Speech transcription
ANTS
Multipass system for transcribing audio data, and in particular radio or TV shows. The audio stream is first split into homogeneous segments of a manageable size, and then each segment is decoded using the most adequate acoustic model with a large vocabulary continuous speech recognition engine (Julius or Sphinx).
CoALT
Software for comparing the results of several automatic labeling processes through user defined criteria.

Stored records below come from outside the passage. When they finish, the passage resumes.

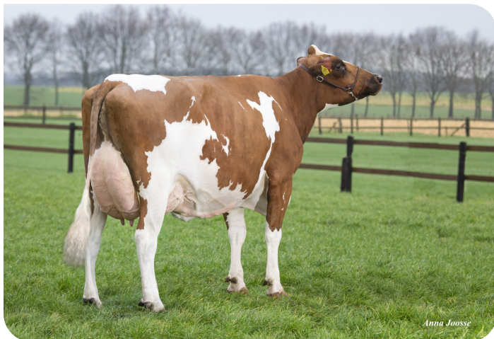
Justine (VG 88) Dam of Musthave Red
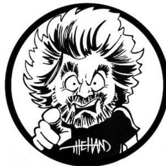
The Hand (Maurizio Di Bona), Beppe Grillo (cartoon).
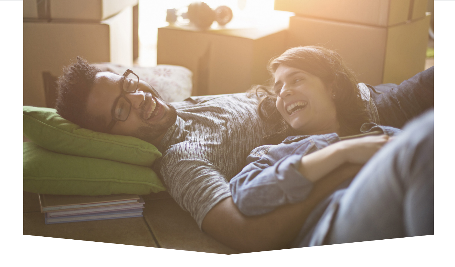
Pack a "first day" box with items you will need right away.
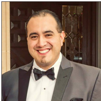
Tony Garcia Chamber Golf Classic Fuzzy's Taco Shop
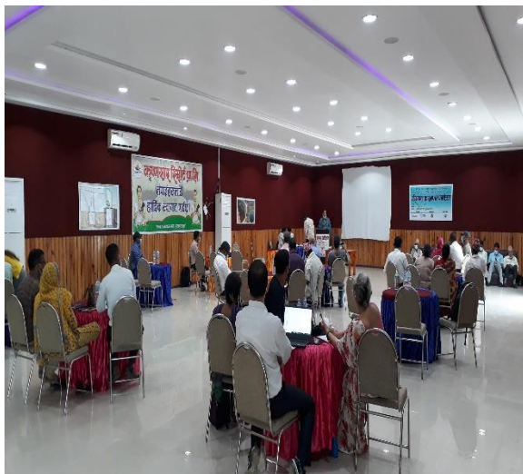
INTRODUCTION AND CONSULTATION MEETING, BANKE

At the request of District Disaster Management Committee (DDMC) BASE organization has implemented Disaster
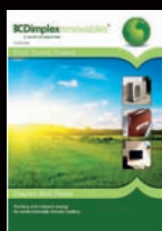
Heat pump brochure
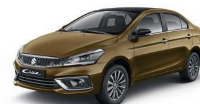
DIGNITY BROWN PEARL METALLIC + MIDNIGHT BLACK
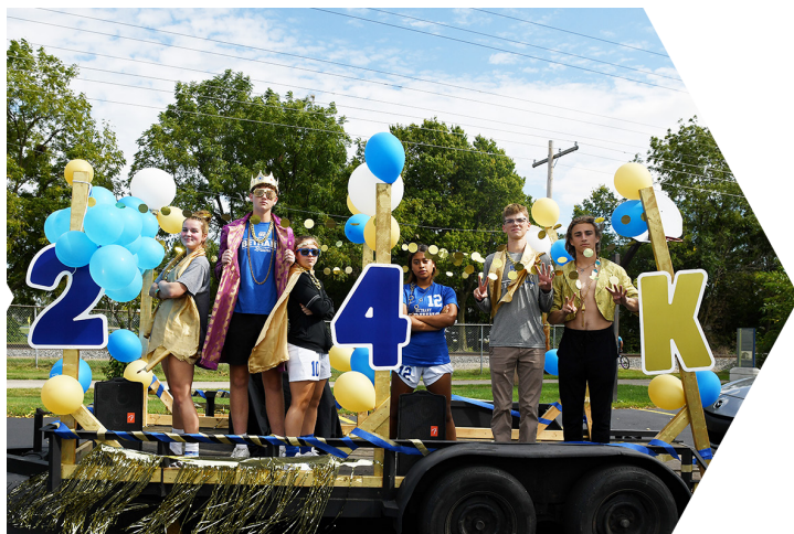
The junior class designed their float with the theme 24K gold for being the class of 2024.
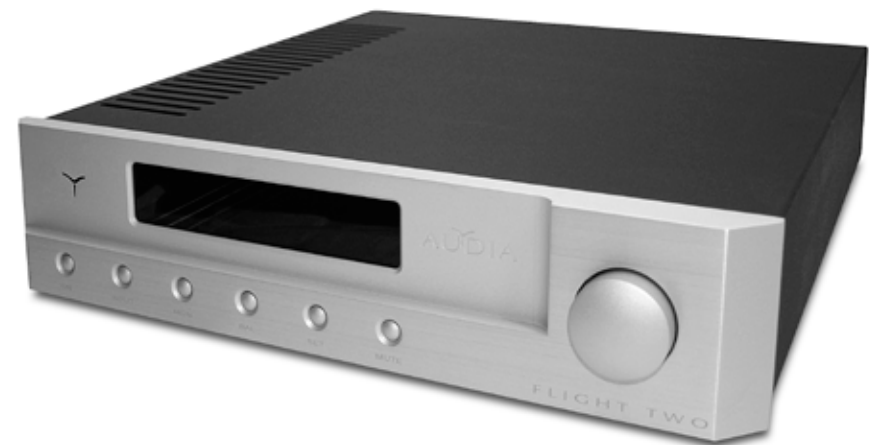
FL Two integrated amp, year 2005

COMPRISE Weakly Supervised STT
COMPRISE Weakly Supervised STT makes it possible to train Speech-to-Text models while reducing the need for time-consuming and expensive manual data transcription. It is part of the software tools developed by COMPRISE.
Webpage
Speech synthesis and transformation
COMPRISE Voice Transformer
The COMPRISE Voice Transformer increases voice privacy by taking speech audio as input and converting the speaker’s voice to another person’s voice. It is part of the software tools developed by COMPRISE.
Webpage
SoJA
Software for Text-To-Speech synthesis (TTS) which relies on a non uniform unit selection algorithm. It performs all steps from text to speech signal output. Moreover, a set of associated tools is available for elaborating a corpus for a TTS system (transcription, alignment…).
Webpage
Source separation and speech enhancement
Asteroid
Asteroid is a Pytorch-based audio source separation toolkit that enables fast experimentation on common datasets. It comes with a source code that supports a large range of datasets and architectures, and a set of recipes to reproduce some important papers.
- Website: https://asteroid-team.github.io/
- GitHub: https://github.com/asteroid-team/asteroid
- Paper: Asteroid: the PyTorch-based audio source separation toolkit for researchers, Manuel Pariente, Samuele Cornell, Joris Cosentino, Sunit Sivasankaran, Efthymios Tzinis, Jens Heitkaemper, Michel Olvera, Fabian-Robert Stöter, Mathieu Hu, Juan M. Martín-Doñas, David Ditte , Ariel Frank, Antoine Deleforge, Emmanuel Vincent, Interspeech 2020.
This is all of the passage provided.